EEOB/BCB 546: Programming with Python

Visualizing Data in Python

Overview

Questions
  • How do you create appealing plots in Python?

  • How do you compare distributions of data?

  • How do different plotting libraries work?


Objectives
  • Examples of seaborn for Python.

  • Make box plots, violin plots, and histograms in seaborn.

  • Some examples of plots using bokeh and ggplot.

Plotting with seaborn

Python has powerful built-in plotting capabilities and for this exercise, we will focus on using the seaborn package, which facilitates the creation of highly-informative plots of structured data. The seaborn library is built on matplotlib and features very nice color palettes. This library makes manipulating the features of a matplotlib plot somewhat easier. For an introduction to this package, see the seaborn documentation.

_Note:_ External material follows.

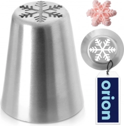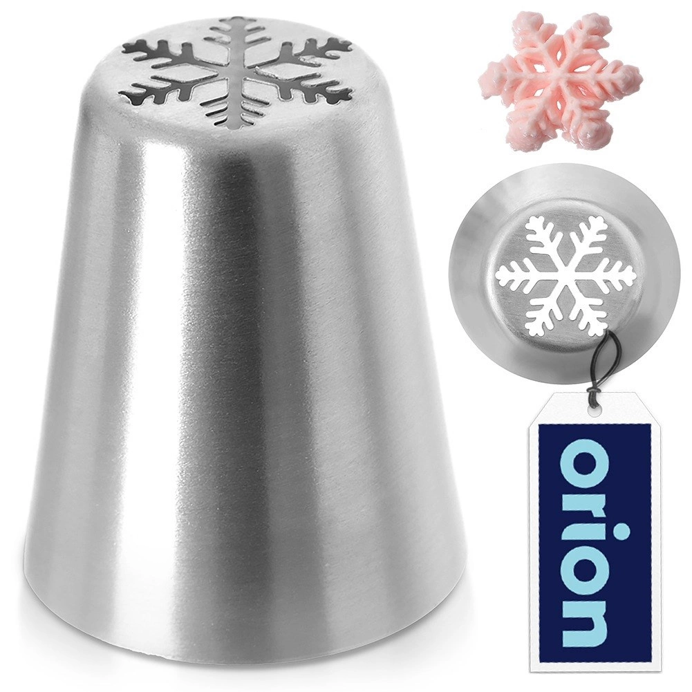 Ta ruska nastavka s posebnim izrezom z enim pritiskom ustvari čudovite motivi snežink iz krem in prelivov. Zahvaljujoč robustni izvedbi iz nerjavečega jekla je nastavka trpežna, enostavna za čiščenje in dolgoročno ohranja obliko ter natančnost reza.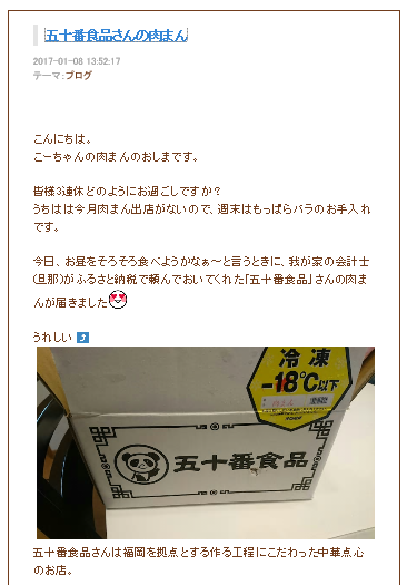 インターネットで「五十番食品」のキーワードで検索していると、「こーちゃんの肉まん」というブログの「五十番食品さんの肉まん」という記事が引っかかりました。

To install the package, use conda:

$ conda install seaborn

For this exercise, we will use a different data file, called “surveys_complete.csv”, containing all the complete data observations from the plot surveys used in previous lessons. Download this file from the course repository or pull the all new changes from the repository if you haven’t done so already.

Getting Started

Create a new Jupyter notebook for this lesson and begin by importing the Pandas package and seaborn. We also need to import the matplotlib plotting functions pyplot in order to directly call any of the plotting functions for matplotlib

import pandas as pd
import matplotlib.pyplot as plt
import seaborn as sns

Here, we have given seaborn the alias sns.

Now load the DataFrame:

surveys_complete = pd.read_csv('surveys_complete.csv', index_col=0)

For this exercise, we will use a different version of the ecological dataset from our previous lessons. This version has only the complete observations, without missing entries for any of the columns. There are also a few additional columns providing information about the taxonomy of the species collected and the type of plot/enclosure.

A Simple Scatterplot

Let’s start with a basic scatterplot. We’ll simply plot the weight on the horizontal axis and the hind foot length on the vertical axis. This uses the seaborn function .lmplot(). This function can take a Pandas DataFrame directly. It also will fit a regression line, by default. Since we may not want to visualize these data with a regression line, we will use the fit_reg=False argument.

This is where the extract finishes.